The picture-based sort-and-classify and cut-and-paste formats work well in kindergarten, particularly during the second half of the year when students have sufficient fine motor control for cutting and pasting. The characteristics checklist involves vocabulary — reproduce, respond, exchange gases — that most kindergarteners have not encountered formally, so that worksheet is better reserved for first grade or used with heavy verbal support alongside the checklist.

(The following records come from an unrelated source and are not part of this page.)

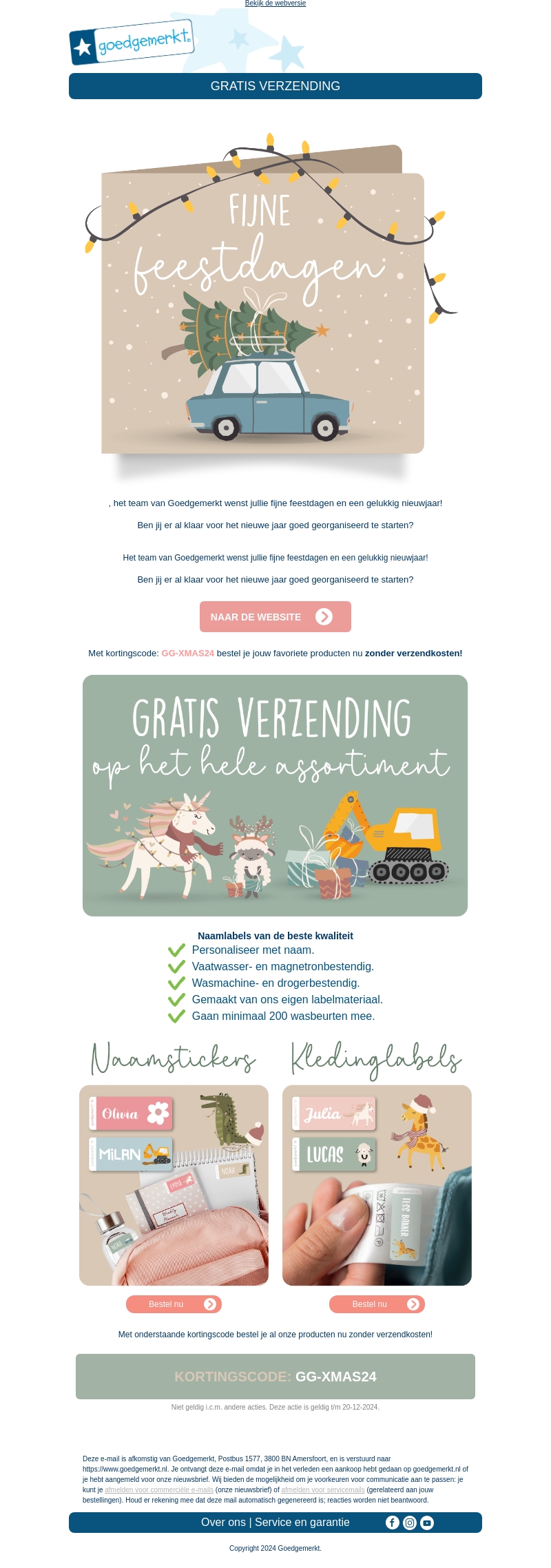 Doe mee aan onze feestelijke actie bij Goedgemerkt! Bestel nu je favoriete naamlabels en geniet van gratis verzending met de code GG-XMAS24. Onze labels zijn van topkwaliteit en speciaal gemaakt om wasbestendig te zijn. Mis deze kans niet om je aankopen op tijd voor de feestdagen in huis te hebben.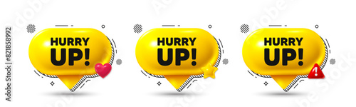 Chat speech bubble 3d icons. Hurry up sale tag. Special offer sign. Advertising discounts symbol. Hurry up sale chat offer. Speech bubble banners. Text box balloon. Vector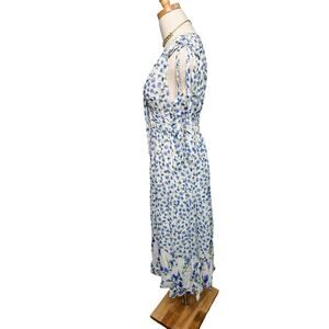 Shoshanna Helena Floral Tie Shoulder A-line Midi Dress size 4 optic white/purple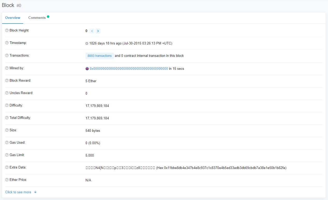 The Ethereum Genesis block (source: https://etherscan.io/block/0)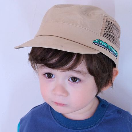 電車の刺しゅうが目を引くメッシュワークキャップです。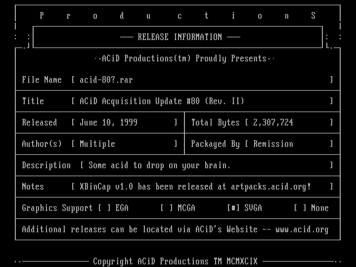 Additional releases can be located via ACiDs Website -- www.acid.org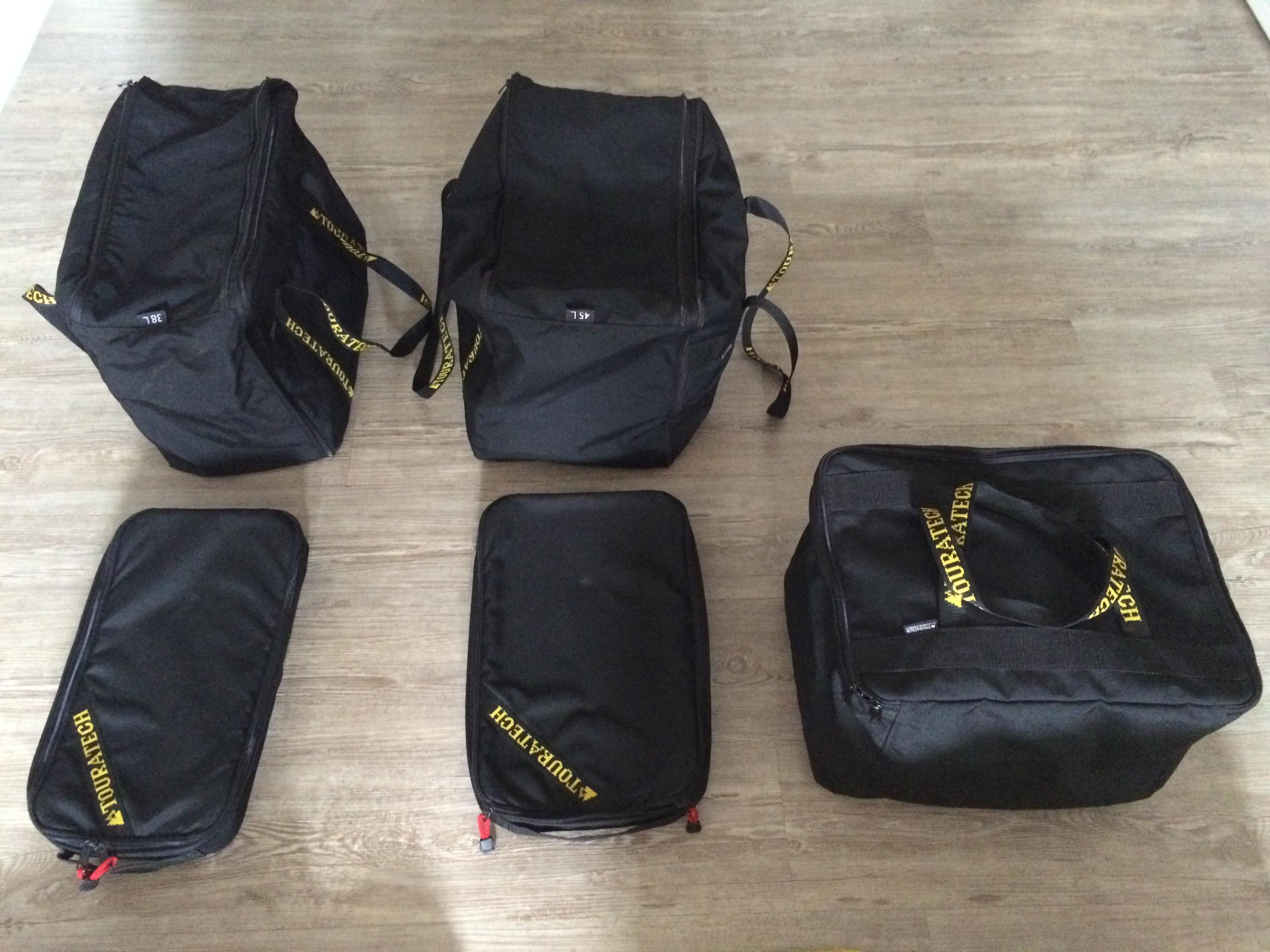 Deckelinnentaschen für 45 und 38 Liter Koffer, es fehlen die Befestigungsgurte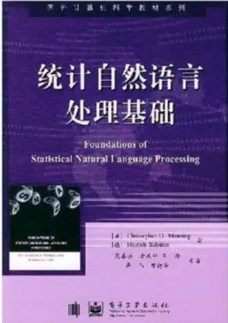 Foundations of Statistical Natural Language Processing,作者是 Christopher D. Manning 和 Hinrich Sch ü tze。本书涵盖的内容十分广泛,包括了构建自然语言处理软件工具将用到的几乎所有理论和算法。全书的论述过程由浅入深,从数学基础到精确的理论算法,从简单的词法分析到复杂的语法分析,适合不同水平的读者群的需求。

Should I introduce the five characteristics before students begin the first worksheet?
Yes, briefly. A five-minute anchor chart session before the first sort-and-classify sheet prevents the most common misclassifications. Write the five characteristics in student-friendly language — it grows, it needs food and water, it breathes, it makes more of its kind, it reacts when something happens to it — and leave the chart visible while students work. Students will glance at it throughout; that is the point.
How do I handle student debates about fire and water?
Lean into the debate rather than shutting it down. These are scientifically legitimate edge cases. For first grade, the practical answer is to run through the checklist: fire grows, but does it drink water? Can it reproduce independently? The checklist resolves what intuition cannot, and working through a hard case together is more instructionally valuable than simply telling students the answer. The living and non living things worksheets printable for 1st grade characteristics sheet is built precisely for this kind of guided reasoning.
How do I address the "dead things" question when it comes up?
Expect it — and welcome it — during any lesson using the scene-based or sort-and-classify worksheets. The clearest explanation for first graders: a dead thing used to carry out life processes but no longer does, so we classify it as non-living now. A dried insect was living; it is not living now. A cut flower was living; once it stops growing and responding, it crosses the line. Students accept this reasoning when it follows directly from the checklist they have already been using.